Material for the task Block Start
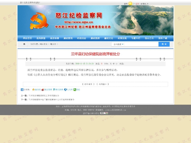依據(jù)《公職人員政務(wù)處分暫行規(guī)定》相關(guān)規(guī)定,經(jīng)蘭坪縣紀(jì)委常委會(huì)會(huì)議研究,決定由縣監(jiān)委給予趙曉萍政務(wù)警告處分。(本文由昆明信息港寫稿機(jī)器人小明根據(jù)怒江紀(jì)檢監(jiān)察委網(wǎng)站數(shù)據(jù)自動(dòng)合成發(fā)布)
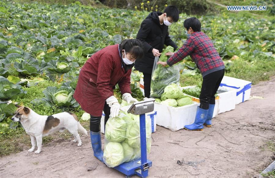 Workers harvest vegetables in a field in Matuo Village of Yunyang County in southwest China's Chongqing, Feb. 5, 2020. Since the outbreak of the novel coronavirus pneumonia, Yunyang County has actively guided vegetable production bases and farmers to harvest vegetables and increase market supply through online and offline channels. The county also strengthened the daily supervision of the market to keep vegetable prices stable. (Xinhua/Wang Quanchao)
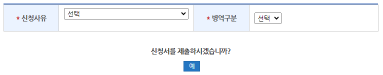 신청사유와 병역구분을 선택하시고 신청서 제출에 '예' 를 눌러 제출하시면 됩니다.
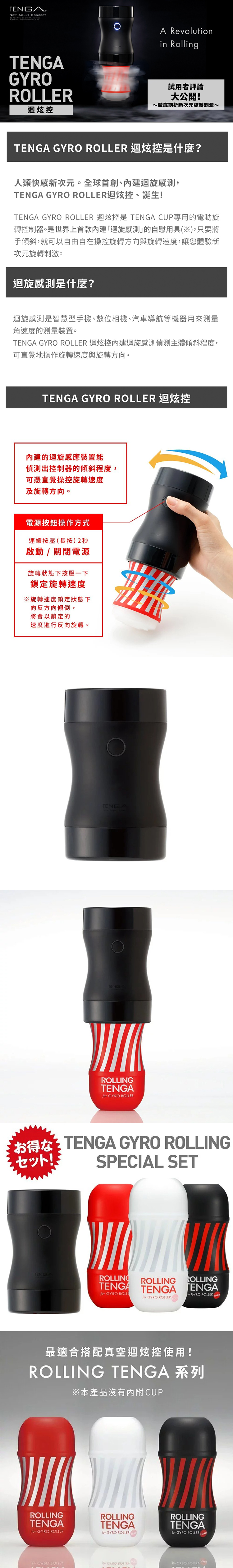 TENGA GYRO ROLLER迴炫控是TENGA CUP專用的電動旋轉控制器世界上首款內建迴旋感測的自慰用具
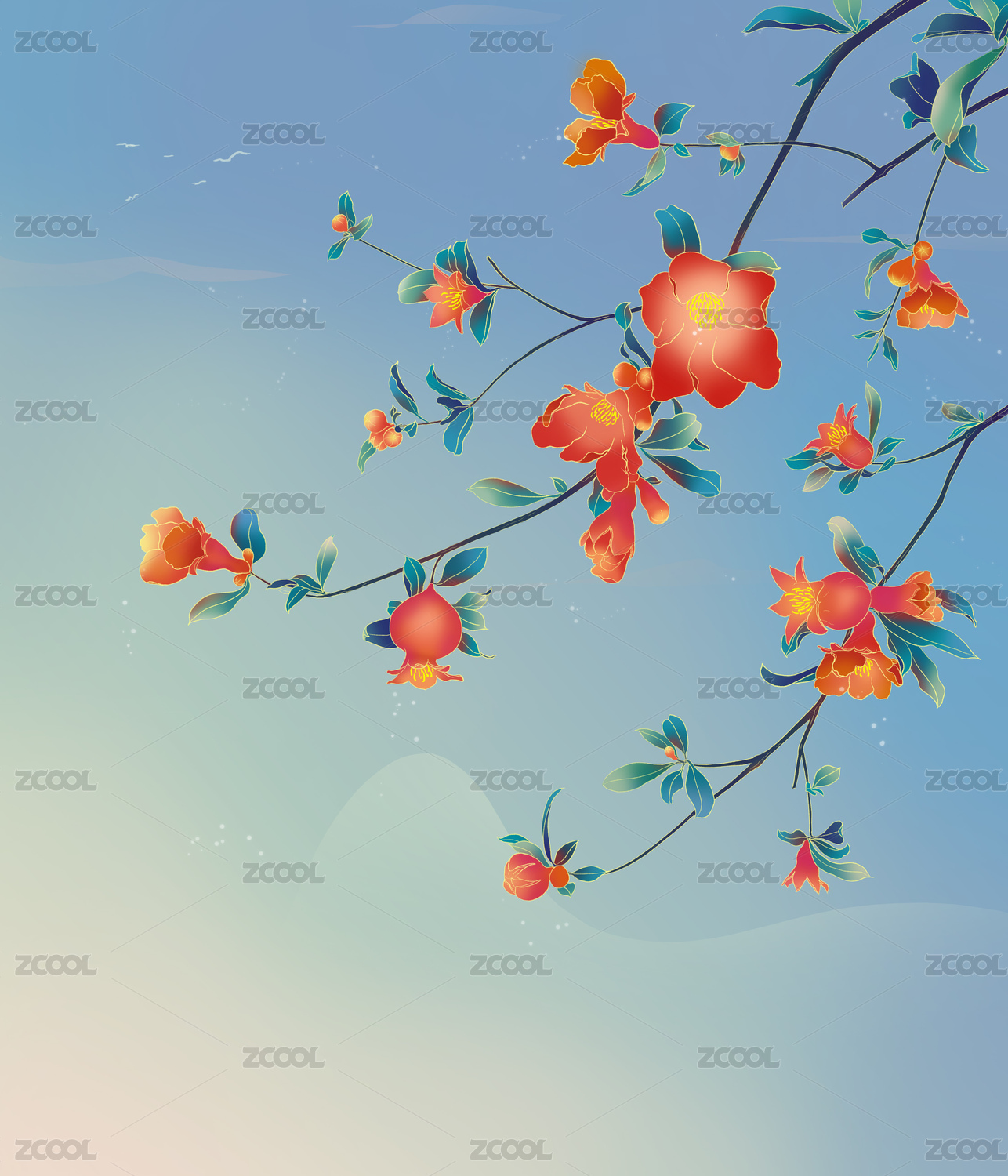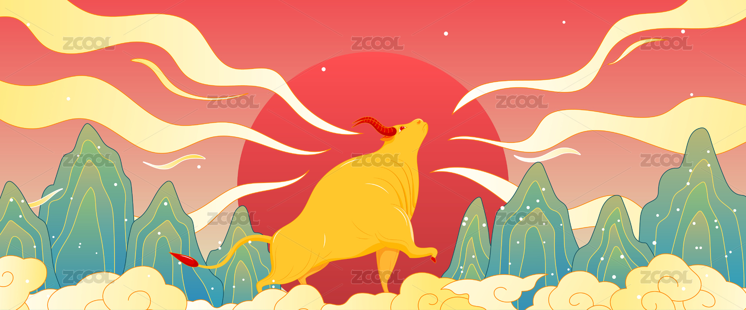 中秋節(jié)金月祥云宮殿山流云月亮國潮插畫
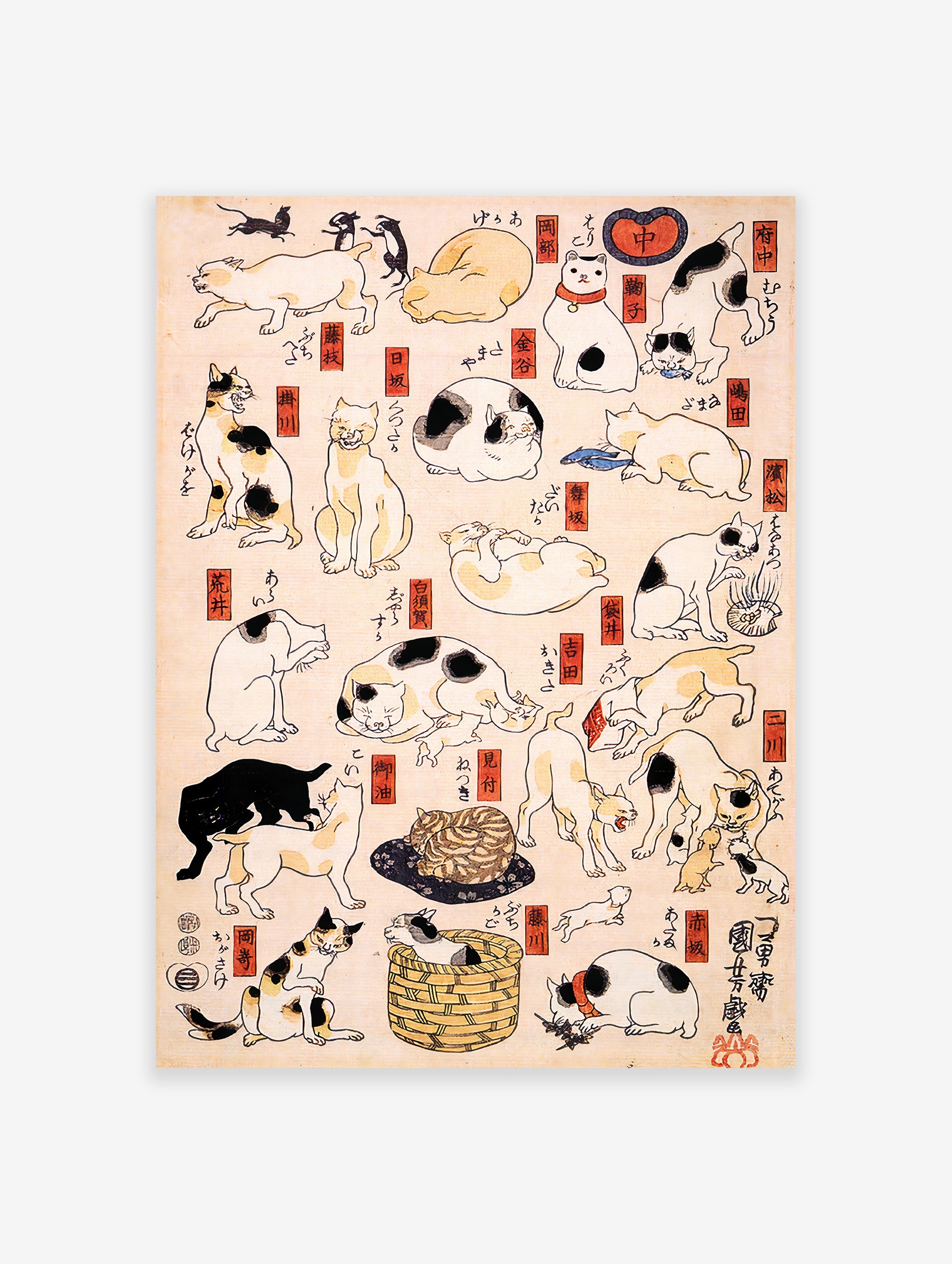 Transform your space with this captivating poster of cats by Utagawa Kuniyoshi, showcasing delightful images of Japanese cats in a warm beige tone. Perfect for cat lovers and art enthusiasts alike, this poster adds a touch of elegance and charm to any room.
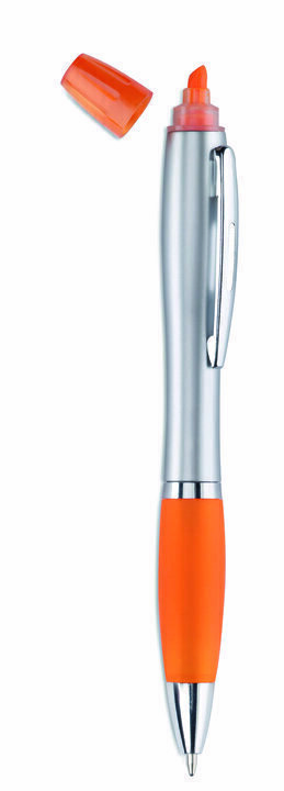 Hõbedase satiinviimistluse ja kroomitud detailidega pastapliiats, mille ühes otsas on marker. Pastapliiatsil on sinine tint.
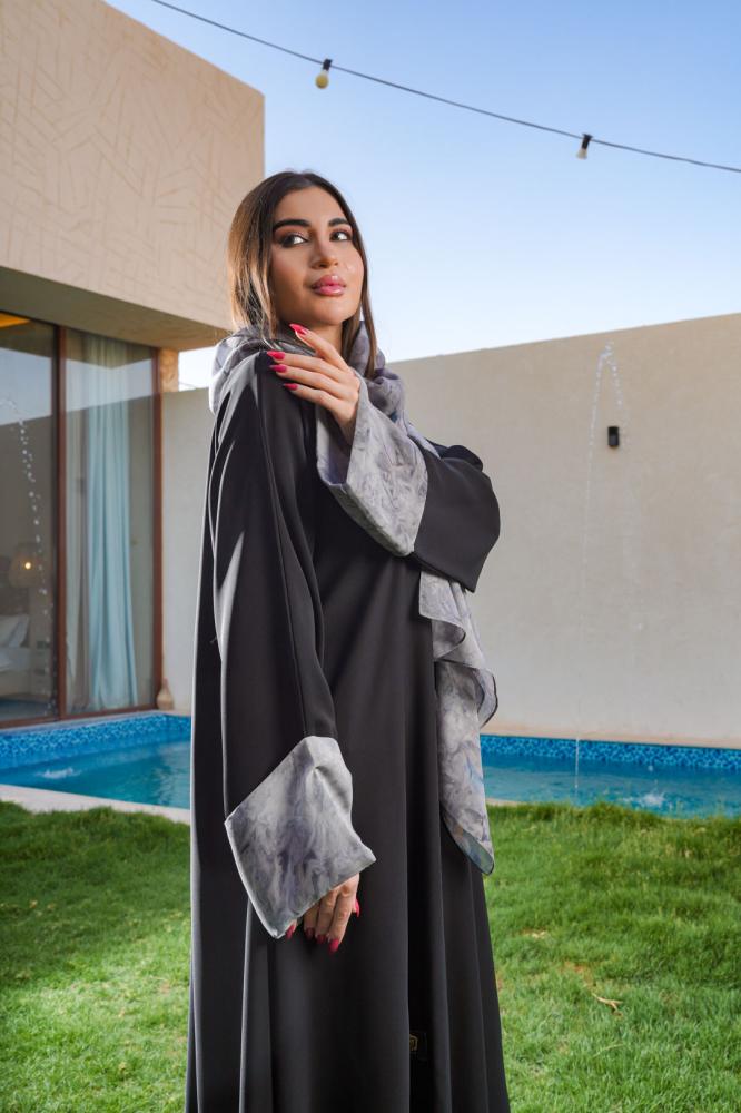 عباية مصممة بعناية من قماش "لمسة" الفاخر والمريح، مع تفاصيل شيفون تضيف أنوثة ورقي.
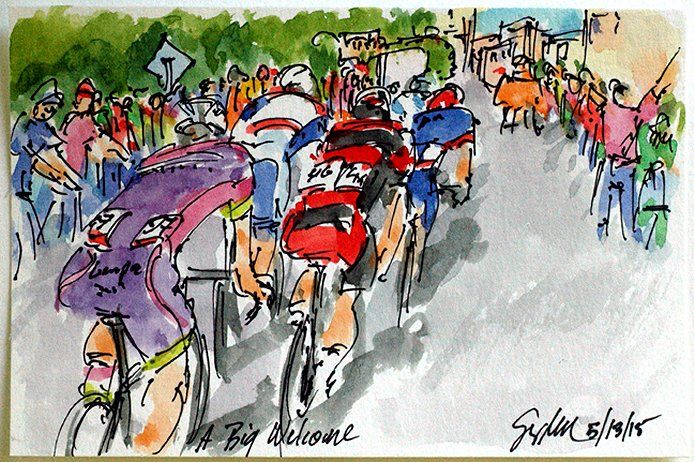 "A Big Welcome" (by Greig Leach): de kopgroep wordt hartelijk ontvangen in een dorpje langs de route.
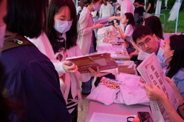 2021年9月5日,伴着秋雨,金牌影院 迎来2021级“心”同学。 京师广场迎新工作现场
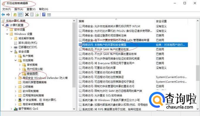 展开左侧"本地计算机策略→计算机配置→Windows 设置→安全设置→本地策略→安全选项"目录,如图所示。拖动右侧垂直滚动条,鼠标双击"网络访问:本地账户的共享和安全模型"项。
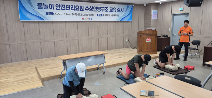 [인천=문찬식 기자] 인천 중구(구청장 김정헌)는 본격적인 여름 휴가철을 앞두고 지난 23~24일 양일간 제2청사 대회의실에서 해수욕장 안전관리 요원 22여 명을 대상으로 ‘특별 교육’을 진행했다고 밝혔다.
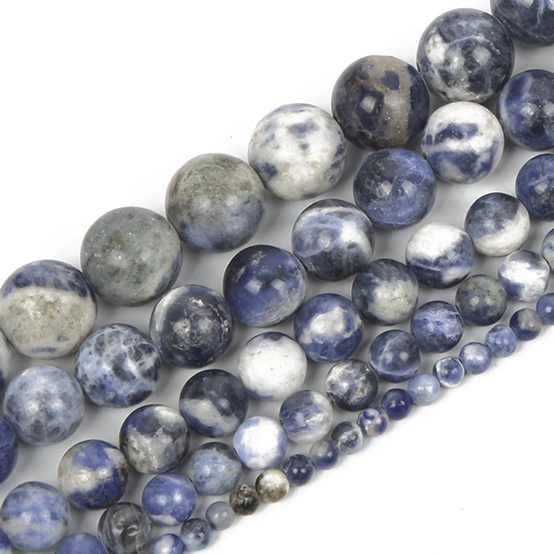 Бусины круглые для украшений сделай сам, изящные синие прожилки из натурального камня, для изготовления ювелирных изделий, рукоделия, нити 4-12 мм
Material for the task Block End
## Requirement
In the entries above, find the line with "Transform your space" and the line with "Hõbedase satiinviimistluse ja". Write out exactly those two lines and every line between them, pictures excluded.

## The answer
 Transform your space with this captivating poster of cats by Utagawa Kuniyoshi, showcasing delightful images of Japanese cats in a warm beige tone. Perfect for cat lovers and art enthusiasts alike, this poster adds a touch of elegance and charm to any room.
 Hõbedase satiinviimistluse ja kroomitud detailidega pastapliiats, mille ühes otsas on marker. Pastapliiatsil on sinine tint.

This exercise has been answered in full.